According to norms established by the Colombia’s National Federation of Coffee Growers (FNC, its Spanish acronym)—National Committee of Coffee Growers [
58], coffee bean size can be used to estimate yields, and thereby its final export price. Larger beans are regarded as having a better physical quality. Beans retained by a screen 18 (7.10 mm mesh opening) during classification are graded as premium, and those retained by a screen 17 (6.70 mm mesh opening) are graded as supremo. In this study, the total weight per treatment of supremo-type beans was evaluated as a variable of physical quality, with higher weights occurring in T4 (exposed to insects) as compared with T1 (exclusion of insects) and T3 (self-pollination). This suggests that flower-visiting insects affected the total weight of supremo-type beans by 30.6%.
The proportion of larger coffee beans in any given harvest may be attributed to visiting insects, but could also be related to genetic factors, which vary among varieties. This possibly explains why the proportion of supremo-type beans surpasses 80% in coffee variety Castillo
® [
48]. In this study, all treatments and experimental units involved the same varieties and environmental conditions, allowing for the effect of the treatments to be evaluated, finding statistically significant differences between treatments.

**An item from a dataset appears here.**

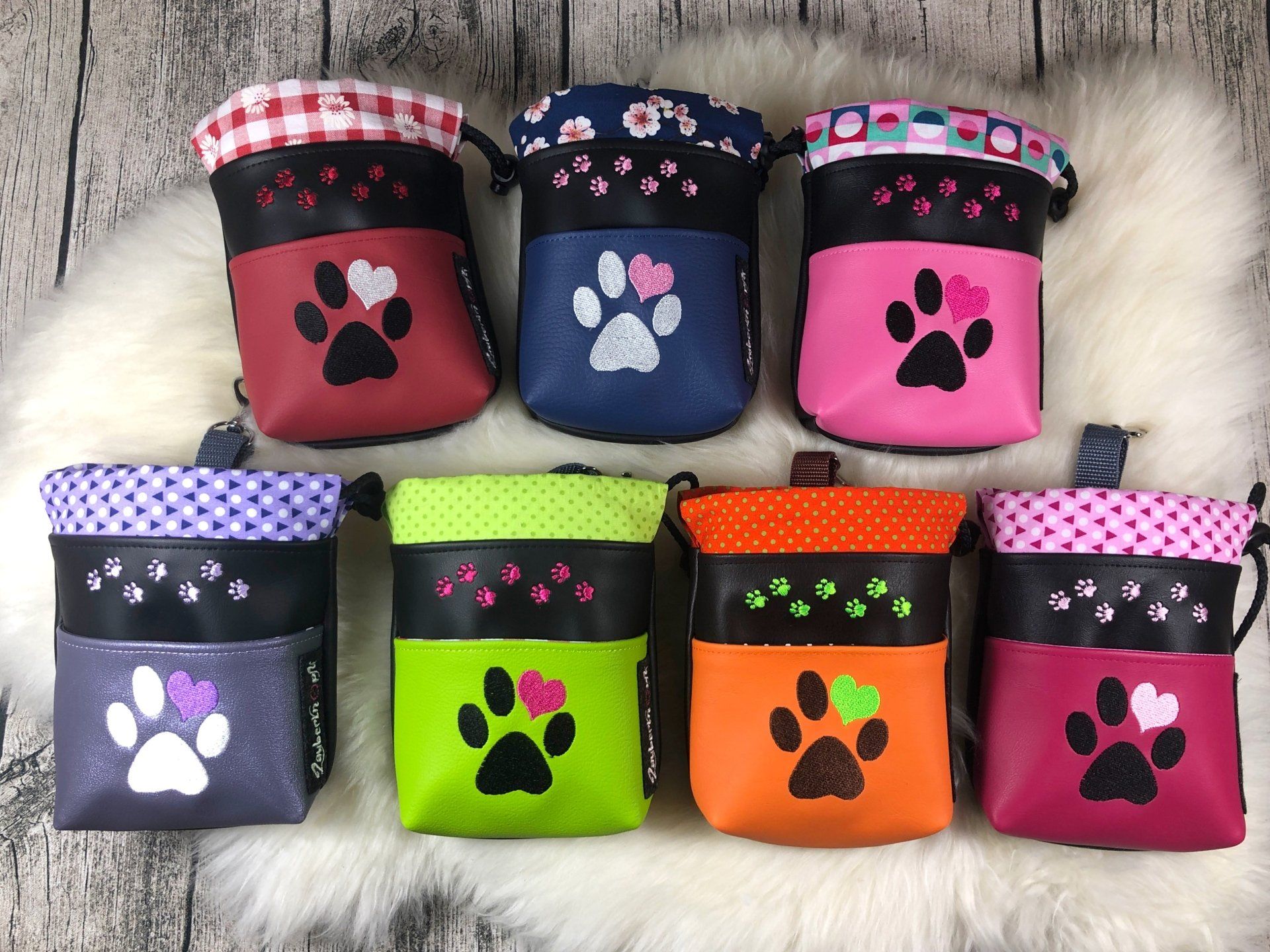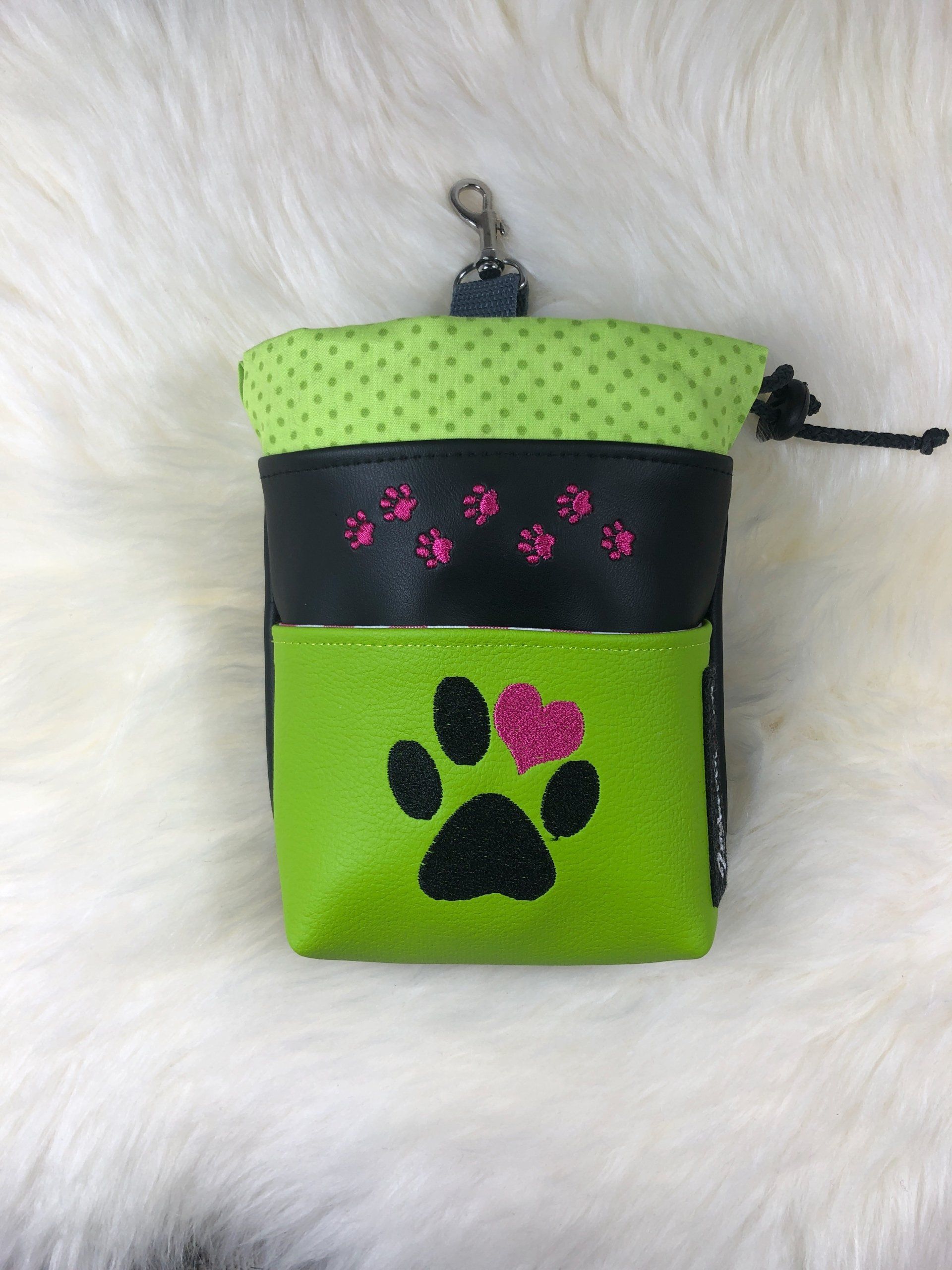 The bags have a belt loop and a carabiner, so you can wear them in different ways. Behind the large paw there is a pocket for poop bags etc. The treat bags are washable inside and out.

Regarding the effect of flower-visiting insects on the sensory quality of coffee, this study graded those treatments where branches were protected from insects in the same way as those where branches were exposed to insects. No treatment was graded above 85 points (considered excellent for specialty coffee). Similar studies report that pollination in the presence of insects improves cup quality, improving its flavor and aroma [
29]. Many factors, however, determine coffee cup quality—from cultivation conditions, such as the presence of shade, altitude, temperature, and use of fertilizers, to crop genetics to processing and post-harvest practices [
31,
59,
60,
61,
62,
63].
According to Arcila [
31], 90% of the flowers are self-pollinated in the pre-anthesis stage; however, this statement is not based on an experimental study. Studies carried out by Krug and Teixeira [
64] and Cabrera [
65] determined that the percentage of self-pollination in pre-anthesis can reach up to 10%. The present study determined that the probability of self-pollination occurring in pre-anthesis is only 6.3%, a value ratified by T6 that serves as an indicator to determine the number of self-pollinated flowers in pre-anthesis. This percentage across the five evaluations was below 10%, which implies that the methodology applied is not only correct, but also that a large part of the crop is not pollinated in the pre-anthesis stage and that most of the pollination apparently occurs from anthesis onwards, when, according to Krug and Teixeira [
64] and Alvim [
66] pollen is released and the stigma is receptive. Although
C. arabica flowers can last from 1 to 2 days after being pollinated [
67,
68], when pollination does not occur within this timeframe, they can last up to 5 days [
68], which is a sufficient time window for insect-mediated pollination to occur in the crop. Finally, it was found that the species
Apis mellifera L. (Hymenoptera: Apidae) was the one that most visited the flowers of
C. arabica with 55.4% of the total visitors and 65.5% of the bees. Regarding the native bees, the presence of
Tetragonisca angustula Latreille, 1825 (Hymenoptera: Apidae) stood out, being the second most abundant species with a representation of 16.4% of the sample of bees).